Transforming Data Using Joins

When you join data together from different sources, you must specify which type of join to use. Predictive Learning uses four join types:

Inner Join: returns all rows in which the join condition is met, that is, at least one match occurs in both tables.

Left Join: returns all rows in which the join condition is met, that is, all rows from the left table, and row matches that occur from the right table.

Right Join: returns all rows in which the join condition is met, that is, all rows from the right table, and row matches that occur from the left table.

Full Outer Join: returns all rows in which the join condition is met, that is, when a match occurs in one of the tables.

Diagram of the four join types in Predictive Learning

Left joins and right joins are sometimes referred to as left full join and right full join, respectively. Here is a visual representation of the four join types:

four join types

How to Create a Join Transformation

Join transformations allow you to join two columns from two different datasets to form one new column. The two columns must be the same type, i.e., string-to-string or integer-to-integer. An even number of joins must be specified. A maximum of three joins per transformation panel are allowed.
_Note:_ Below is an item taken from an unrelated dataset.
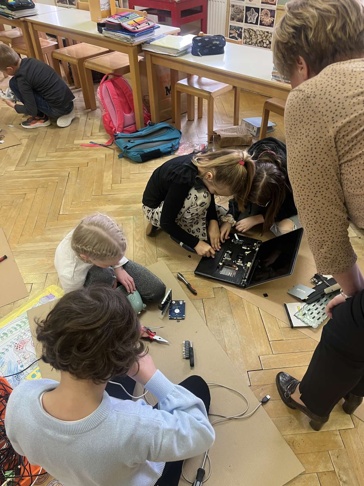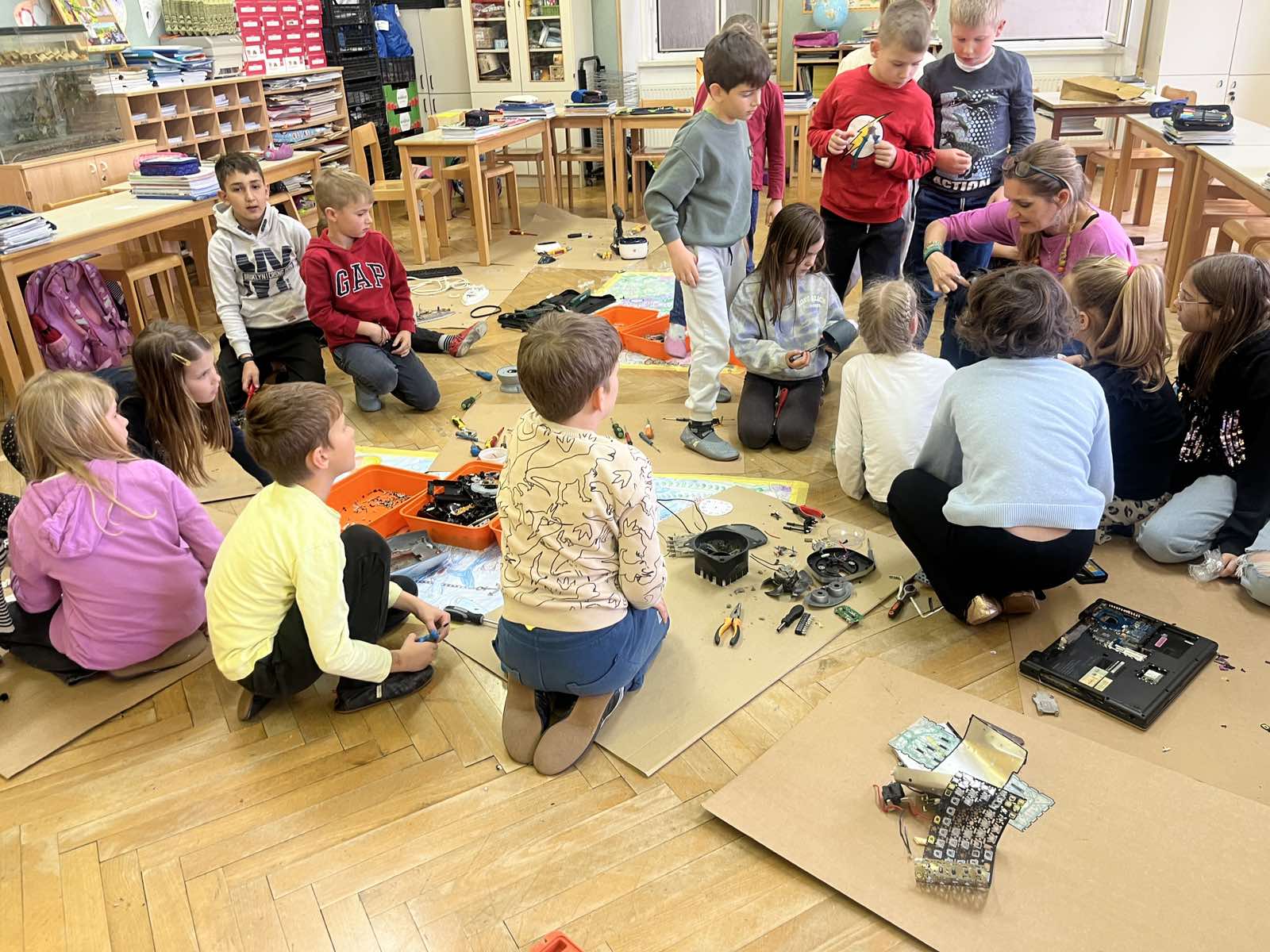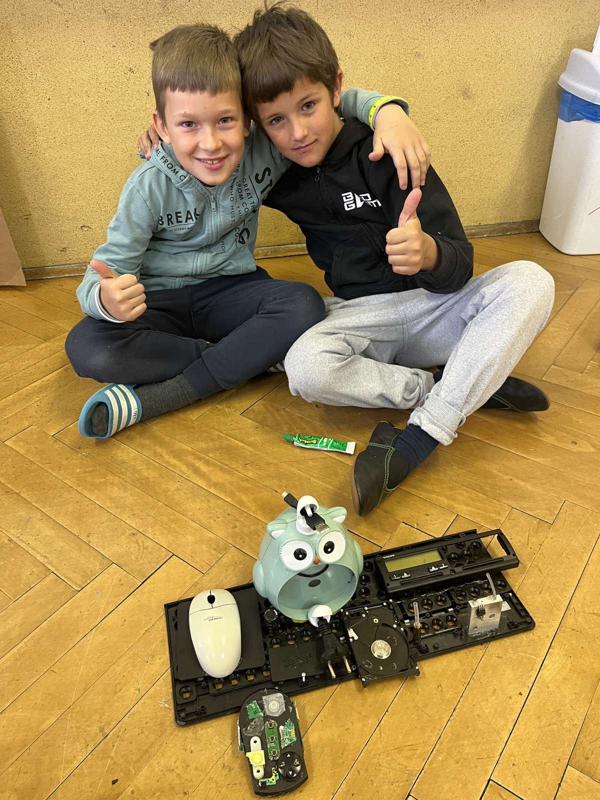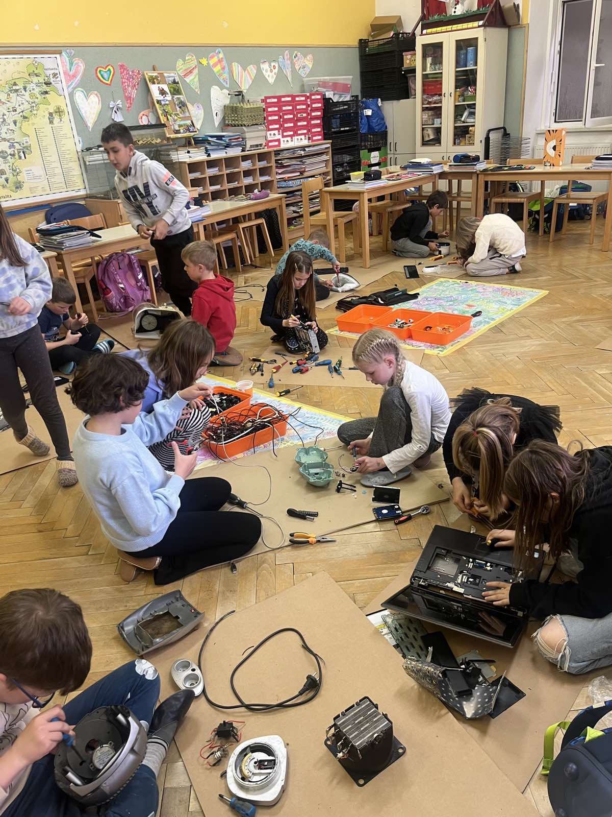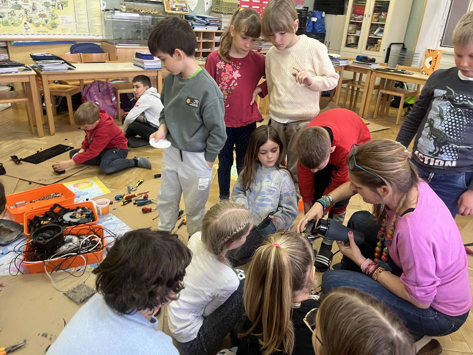 Tretješolci smo izključno iz odpadnih naprav, ki smo jih zbirali dva meseca, izdelali 8 inovativnih robotkov z novimi idejnimi sporočili.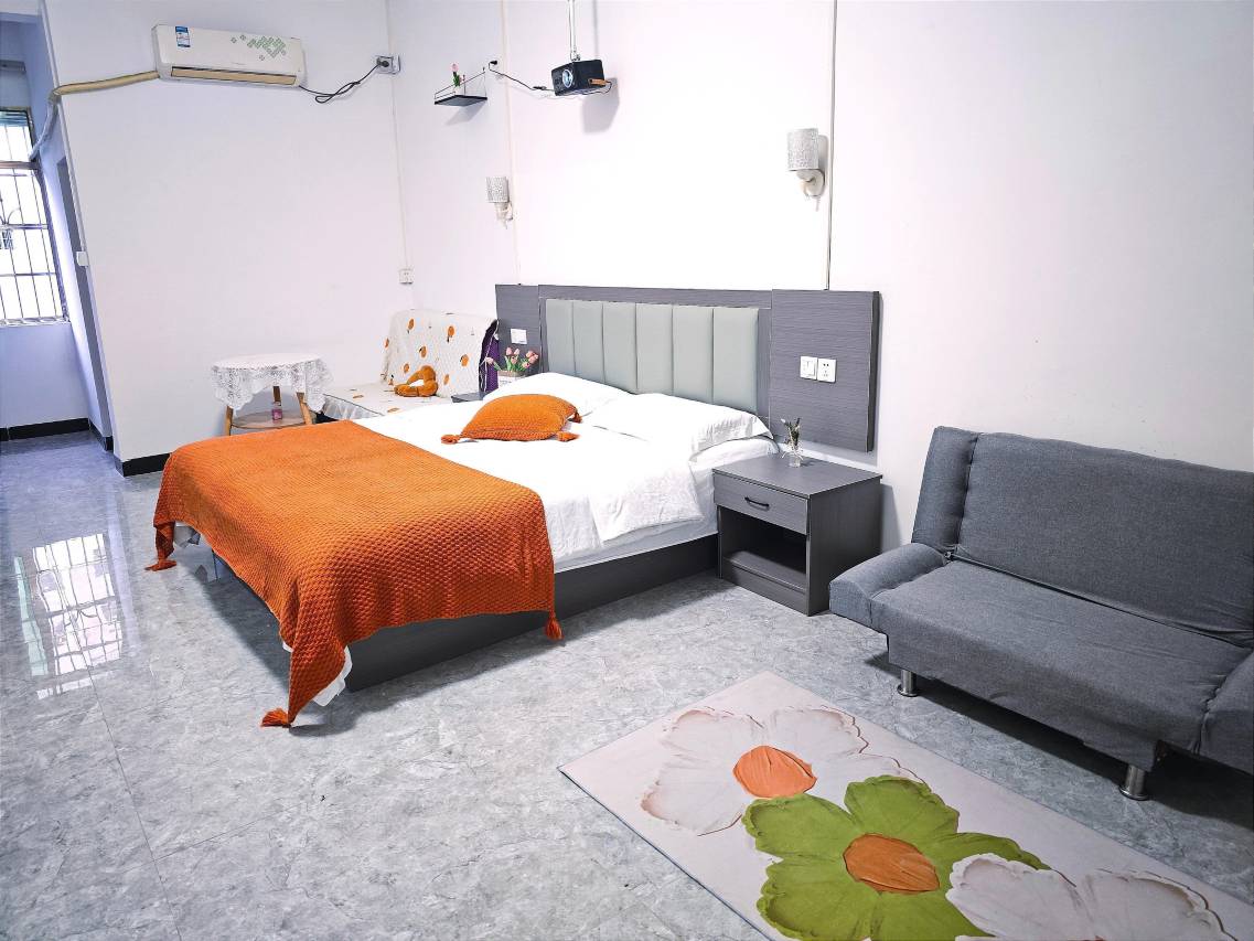 房间挺大的,有沙发有桌子,床非常的柔软,睡得好舒服。最重要是投影仪很清晰,而且快进都不带卡的 非常的流畅腾讯影视全部都是免费观看。卫生间也干净 洗护用品都齐全,交通方便走1到2分钟就到地铁站了 。 总的来说 性价比很高的 整体看着就像新装修一样的整洁

Follow these steps to create a Join transformation:

  1. On the Join Datasets panel, click Select and choose a dataset from the first field.
  2. Click Select and choose a dataset from the second field.
  3. Select Full, Inner, Left, or Right from the Join Type drop-down list. The Columns to Join On and Columns to Carry Over tabs display.
  4. Click Select and choose the columns to join from each dataset from the **Choose a Column from...**fields. Both columns must be the same data type.
  5. Click the Add Another Join button to add an additional join to the transformation. You can define a maximum of three joins per panel.
  6. Click the Columns to Carry Over tab to specify the columns you want to include in the joined dataset.
  7. If your dataset has a large number of columns, use the Select All option with caution since performance issues may arise. Select at least one column from each dataset, and click the X to delete a column.
  8. Click the Save button at the top of the workspace page to save your transformations.
  9. Click the Run button at the top of the Join Datasets panel to run the transformation. The status message shows the current status of the job.

Last update: January 22, 2024